Studio album by Matt Terry
- Released: 24 November 2017
- Genre: Pop
- Length: 42:54
- Label: RCA
- Producer: Steve Robson; Rayito; The Family; Freedo; Josh Wilkinson; Sky Adams; Red Triangle; RedOne; T. I. Jakke; Duck Blackwell; Pablo Fierro; Ronny Svendsen; The Beast; Future Cut;

Singles from Trouble
- "Sucker for You" Released: 13 October 2017; "Try" Released: 10 February 2018;

= Trouble (Matt Terry album) =

Trouble is the debut and only studio album by British singer Matt Terry. It was released on 24 November 2017 and it debuted at No. 29 on the charts. This is the first time that an X Factor UK winner has released their first album with another label instead of with Cowell's label, Syco.

==Background==
On 11 December 2016, he was crowned as the winner of The X Factor 2016, beating Saara Aalto.
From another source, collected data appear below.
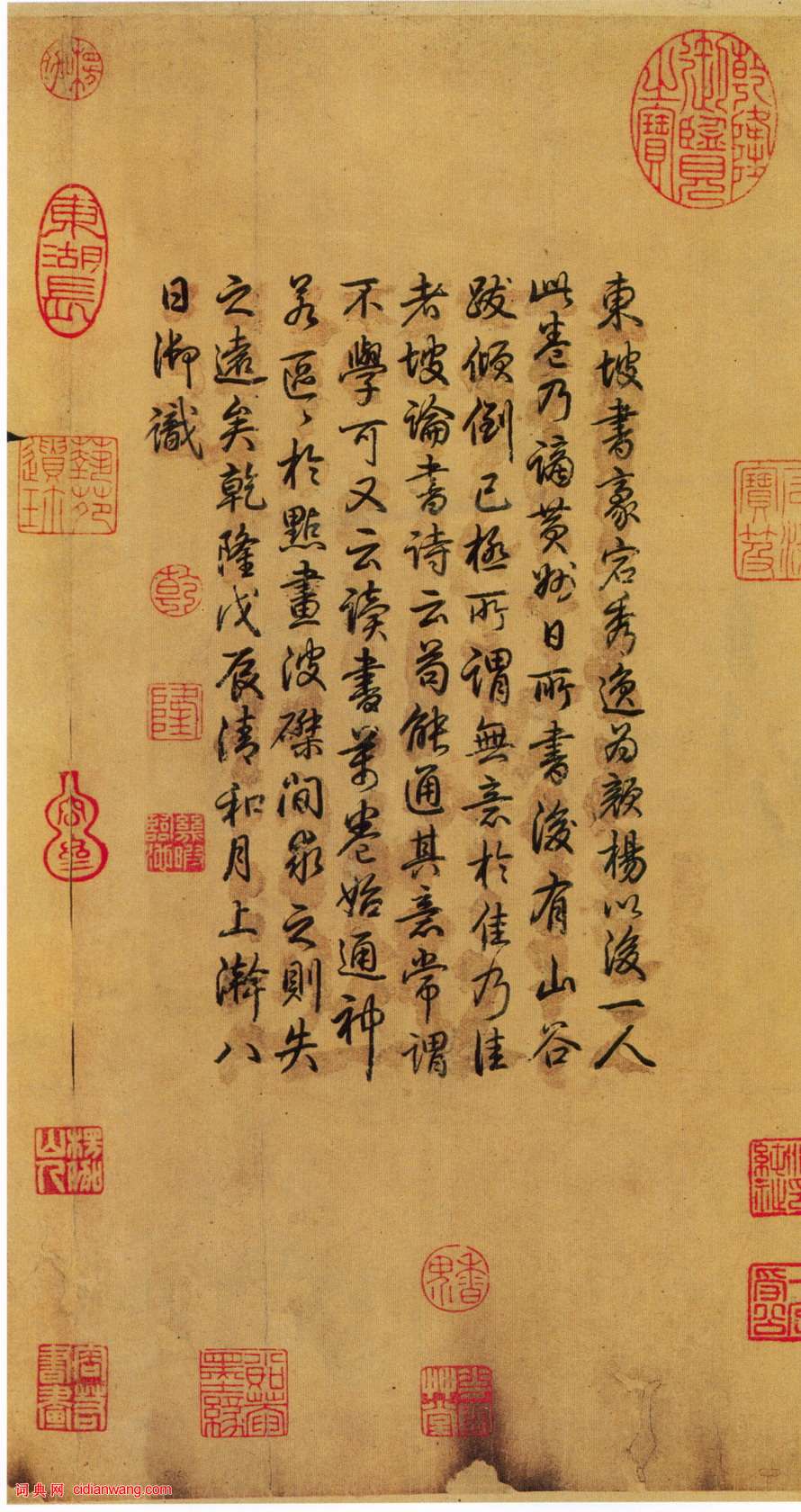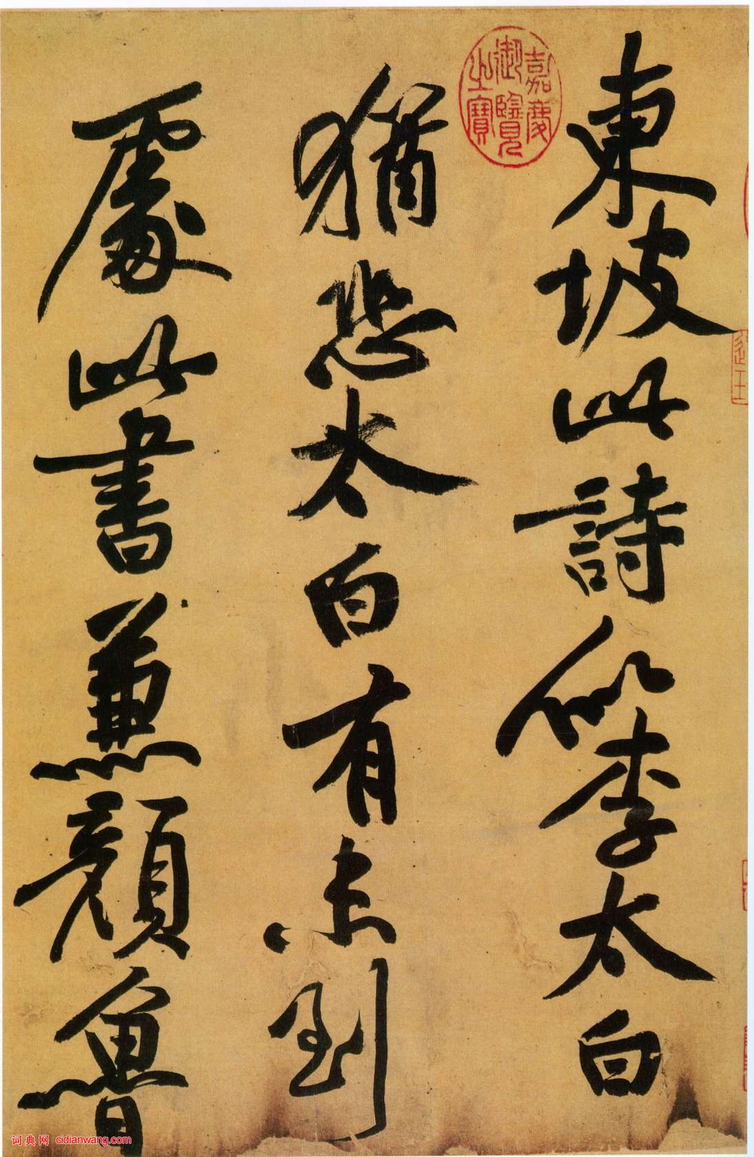 資源下載魏晉書法唐朝書法宋朝書法元朝書法明朝書法清朝書法近現代書法字典網>> 歷代書法>> 宋朝>> 蘇軾行書《黃州寒食詩帖》(5)正文 蘇軾行書《黃州寒食詩帖》(5)作者:蘇軾 書體:行書 首 頁 上一頁 1 2 3 4 5 6 7 8 9 10 下一頁 尾 頁蘇軾的相關書法作品:蘇軾行書《近人帖》 蘇軾楷書《醉翁亭記》 蘇軾行書《次韻三舍人省上詩帖》 蘇軾·洞庭春色賦中山松醪賦合卷 蘇軾小楷《金剛經》 蘇軾楷書《豐樂亭記》 蘇軾《人來得書帖》 蘇軾行書《書林逋詩後》 蘇軾《天際烏雲帖》 相關文章:祝允明行草《自作詩四首》 (行草)祝允明擅詩文,尤工書法,名動海內。他與唐寅、文徵明、徐禎卿並稱“吳中四才子”。又...范仲淹《師魯帖》 (行楷)【釋文】仲淹頓首:李寺丞行,曾□□□□遞中,亦領來教承動止休勝。仲淹此中無□□,...東漢隸書集聯《魯峻碑集聯》 (隸書)漢刻隸書集聯欣賞《魯峻碑集聯》,清代俞樾撰句。黃道周行書《贈眉仲戴蓬萊即事詩軸》 (行書)黃道周《贈眉仲戴蓬萊即事詩軸》絹本行書 192.5×49.5cm 崇禎十七年(...王庭筠·題《幽竹枯槎圖》卷 (行書)【釋文】黃華山真隱,一行涉世,便覺俗狀可憎,時拈禿筆作幽竹枯槎,以自料理耳。王庭...解縉《草書詩帖》冊 (草書)解縉《草書詩帖》冊 紙本 十七開半 每開30.7×22.6cm 北京故宮博...黃庭堅行書《致景道十七使君詩》 (行書)黃庭堅《致景道十七使君詩》紙本行書 26.7×28.8cm 台北故宮博物院藏釋...米芾《行書間架結構92法》米芾作書十分認真,不像某些人想像的那樣,不假思索一揮而就。米芾自己說:“余寫《海...文徵明89歲所臨《蘭亭序》 (行書)文徵明畫像文徵明是明代中後期最著名的書法家、畫家。書法上與祝允明、王寵並譽為“吳...胡問遂臨《張黑女墓誌》 (楷書)張黑女墓誌 全稱《魏故南陽太守張玄墓誌》,北魏普泰元年(公元531年)刻,為魏墓...
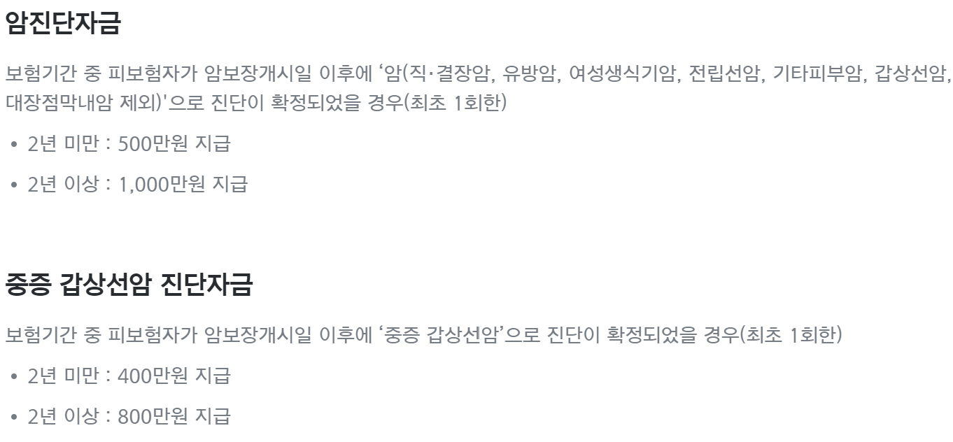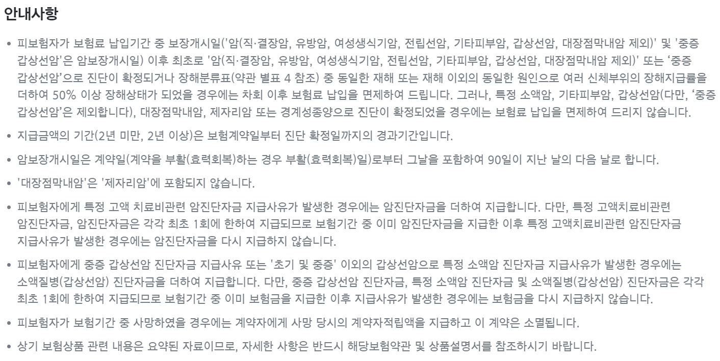 - 특약: 특약은 기본적인 암 진단금 외에 추가로 받을 수 있는 보장 내용입니다. 예를 들어, 수술비, 입원비, 비급여치료비, 표적항암제비, 후유장애금 등이 있습니다. 특약은 별도의 보험료를 내야 하므로, 필요한 특약만 선택하고, 비효율적인 특약은 배제하는 것이 좋습니다.
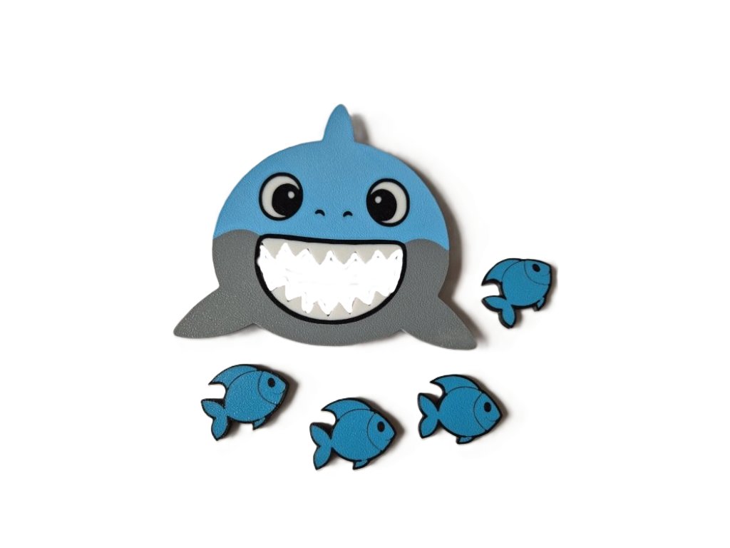 Balení obsahuje: krmící hlava žraloka, 4x ryba
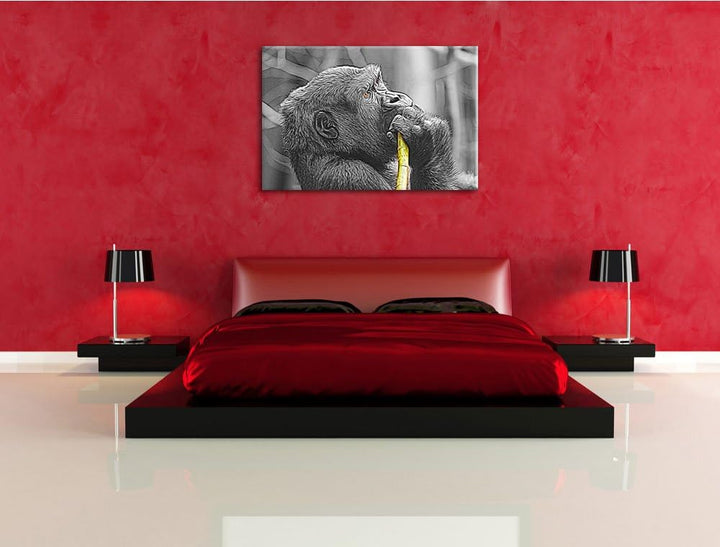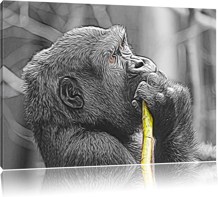 stolzer Gorilla isst schwarz/weiss Deluxe Format: 100x70 cm auf Leinwand, XXL riesige Bilder fertig

He immediately released his winner's single, "When Christmas Comes Around", an original song written by Ed Sheeran, which was not included on Trouble. Following his win, Terry signed with RCA Records.

==Singles==
"Sucker for You" was released as the album's lead single on 13 October 2017. "The Thing About Love" was released as the first promotional single from the album on 17 November 2017. In February 2018 a music video for "Try" was released.

===Other songs===
Terry also features on the remix of Enrique Iglesias' song "Súbeme la Radio" alongside Sean Paul. The song is included on the album.

==Track listing==

Trouble
| No. | Title | Writer(s) | Producer(s) | Length |
|---|---|---|---|---|
| 1. | "Sucker for You" | Matt Terry; Anton Hård af Segerstad; Sara Hjellström; | The Family | 3:23 |
| 2. | "Got You" | Terry; Steve Robson; Ed Drewett; | Robson; Freedo; | 2:43 |
| 3. | "Trouble" | Terry; Josh Wilkinson; Rachel Furner; | Wilkinson; | 3:01 |
| 4. | "The Thing About Love" | Terry; Robson; Iain Farquharson; Andrew Bullimore; | Robson; | 3:16 |
| 5. | "Try" | Terry; Sky Adams; Danny Shah; Tom Aspaul; | Adams; | 3:14 |
| 6. | "Re-Writing History" | Terry; Samuel Preston; George Tizzard; Rick Parkhouse; | Red Triangle; | 3:18 |
| 7. | "Original" (with RedOne) | Nadir Khayat; Sean Douglas; T. I. Jakke; Daniel Bedingfield; | RedOne; Jakke; | 3:18 |
| 8. | "Don't Ask" | Terry; Duck Blackwell; Andrew Jackson; Jacob Manson; | Blackwell; | 3:45 |
| 9. | "Mama" (featuring Ana Mena) | Terry; Antonio Rayo; Rafa Vergara; Pablo Fierro; Alberto Martinez-Liop; | Rayito; Fierro; | 3:22 |
| 10. | "Weigh Me Down" | Terry; Anne Judith Wik; Nermin Harambasic; Ronny Svendsen; Justin Stein; | Ronny Svendsen; | 3:42 |
| 11. | "Not You" | Terry; Björn Djupström; Tobias Frelin; | The Beast; | 3:11 |
| 12. | "Romeo y Juliet" | Terry; Rayo; Vergara; Leroy Sanchez; Martinez-Liop; | Rayito; | 4:33 |
| 13. | "Heartless" | Terry; Darren Lewis; Iyiola Babalola; Preston; | Future Cut; | 3:04 |
| 14. | "Súbeme la Radio" (Remix) (Enrique Iglesias featuring Sean Paul and Matt Terry) | Enrique Iglesias; Felix Ortiz; Gabriel Pizarro; Descemer Bueno; | Luis Ortiz; Gaby Music; Chris Jeday; Carlos Paucar; | 3:27 |

==Charts==

| Chart (2017) | Peak position |
|---|---|
| Scottish Albums (OCC) | 39 |
| UK Albums (OCC) | 29 |

==Certifications==

| Region | Certification | Certified units/sales |
| Poland (ZPAV) | Gold | 10,000^{‡} |
^{‡} Sales+streaming figures based on certification alone.